A Coffee Journey

Everyone who loves coffee has their own unique personal journey with this complex beverage. Maybe you like drip or press, maybe you like latté, espresso, or frappé, maybe decaf or full caffeine. In coming months we’ll be bringing you a series on the finer points of many ways to grind and brew the seeds of the Coffea plant.

My personal coffee journey began at age fifteen. Before that, I hated coffee. I tasted it here and there when the grownups had some, but I couldn’t see the appeal, even with cream and sugar in it. 

That summer, our family vacationed in the small Pennsylvania town of Eagles Mere, where neighbors invited us to spend a week at their summer home. At the south end of Eagles Mere Lake in the Endless Mountains, there wasn’t much for kids to do except skinny-dip at night or walk in the woods and ride bikes by day. The first time I rode the five miles to Laporte with my new friends, our sole goal was ice cream from the country store. 

Something inexplicable came over me on that ride: a sudden, certain craving for coffee ice cream. I ordered a big double-scoop cone, and never looked back. It was as though those fleeting tastes of coffee in the past had inoculated me with the seeds of an addiction that budded on that bike ride. 

For the longest time I could only drink coffee with ample cream and sugar so that it tasted like ice cream. And I couldn’t drink it often, because it ‘tore up my gut,’ as the saying goes, so it remained a special treat just once a week or so, even through college when I tended to indulge on nights before a term paper was due. Later in grad school, I’d drink coffee from a bottomless pot at Perkins Pancake House til closing while studying for exams with my friends Kathy and Marcy. 

A few years later, between jobs, I lived for some months in an old cracker house deep in a liveoak forest in north Florida with a couple of guys and about 175 snakes. There I was introduced to the joy of drinking afternoon coffee while smoking pot for no reason other than that we could. It became a powerful recreational combination for me. Eventually I found I could drink it however it came, without sugar, without cream, without both. 

I still didn’t have a regular morning coffee habit, though, and most of my homes through the years, unless shared, didn’t have any kind of brewing technology: Coffee was always an elsewhere extravagance, at a restaurant, at work, at someone else’s house. Shortly after I moved to the North Fork Valley in 1992 (time flies!) I became an habitué of Moonrise Espresso, and got to be friends with the incomparable proprietress Nan.
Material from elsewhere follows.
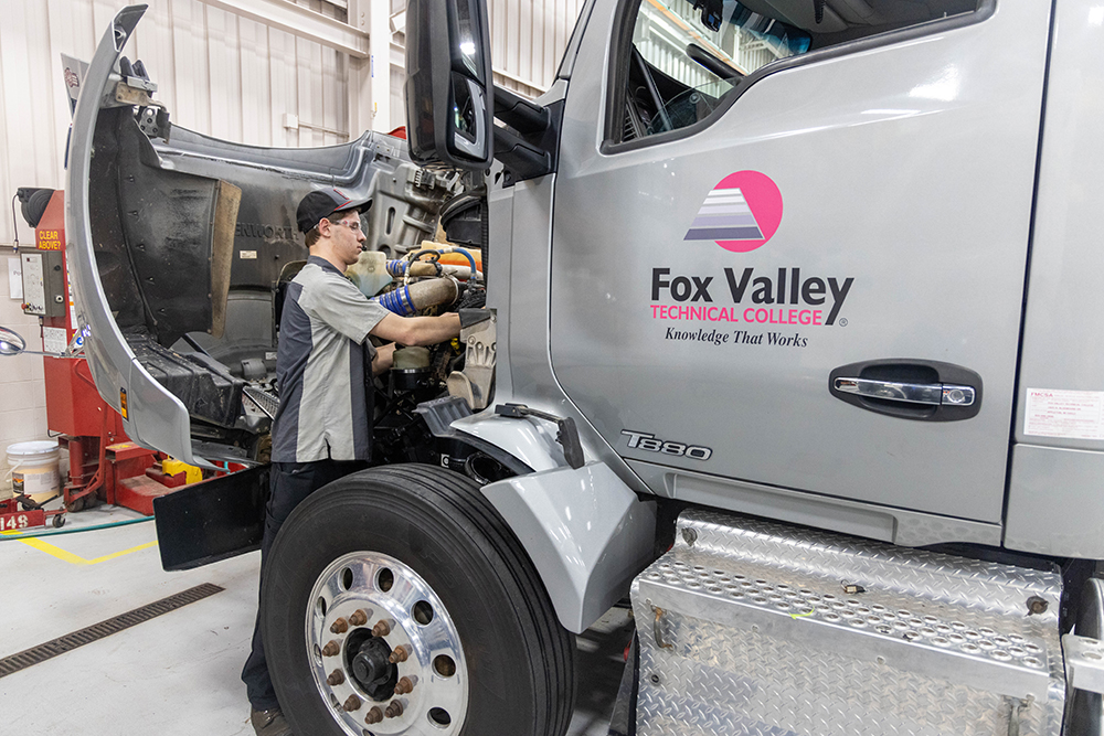 The 65-credit associate degree program provides in-depth theory and extensive hands-on training in heavy-duty diesel engine maintenance, air brake and hydraulic brake systems, drivetrains, steering and suspensions, and electrical systems. Students also learn about engine systems, computer control systems and advanced drivetrain systems while they work on a fleet of more than 75 diesel-powered over-the-road tractors and 55 trailers, courtesy of the FVTC Truck Driving program.

Mostly I went for her morning glory muffins, but also began to drink decaf fairly regularly. Still, too much and even without much caffeine, the acid got to me. Still no home brewing.

That changed when I got stuck at the Old Folks’ Home in DC, visiting my parents when the 9/11 horror struck. That Tuesday morning remains crystal clear in my memory, though the rest of the day has faded. The next morning, still not sure when, how, or if I’d ever get home, I woke up wanting only one thing (besides to get home). I walked through the corridors to the main lobby and greeted the hostess with a broken hug; we’d known each other fifteen years, and this was our first hug. Vera asked the question everyone was asking each other. 

Did you lose anyone? 

“No,” I said, “not that I know of. Yet. You?” 

“No.”

“Coffee,” I said. “I need coffee.”

Vera walked me to the dining room, and asked the server to “please bring Miss Rita a pot of decaf.” Every day for a week, I walked like a zombie to the dining room to collect a pot of coffee to go. I added cream and sugar and carried it back to the apartment, where I drank mug after mug until it was gone. In a world upended, that morning coffee felt like one sure thing.

One of my first purchases when I finally did get home was a French press. I’ve drunk a cup or two of coffee, mostly decaf, virtually every morning for almost twenty years. I’ve tried mail-order low-acid coffee, Starbucks, whatever-was-on-sale, regionally roasted, ground and whole beans, a porcelain dripper, an aeropress, and finally bought a coffee machine with a gold filter. Somewhere in there I started drinking vanilla lattés at our various coffee shops and stops in the valley, and eventually bought a stovetop espresso brewer to make my own full-strength vanilla lattés on Sunday mornings.

I stumbled upon Rubicon Roasting when Jay opened in Root and Vine. I’m all about locavore cuisine, and so grateful to live in this valley where we have so many wonderful locavore fruit, vegetable, and meat options. Now locally roasted coffee, too! I was thrilled, and started buying there when I could catch them open. 

When Jay moved to his current location, I planned my trips to Paonia to coincide with his hours, so I could buy coffee exclusively from his selection of fine roasts. Of course, we know now that coffee is not a sure-forever thing in a world suffering climate chaos. (Neither is chocolate.) But for as long as Jay’s in business, I’ll be buying sustainably-sourced and/or organic coffee beans from a wonderful local roaster, learning more about coffee every month, and savoring every cup.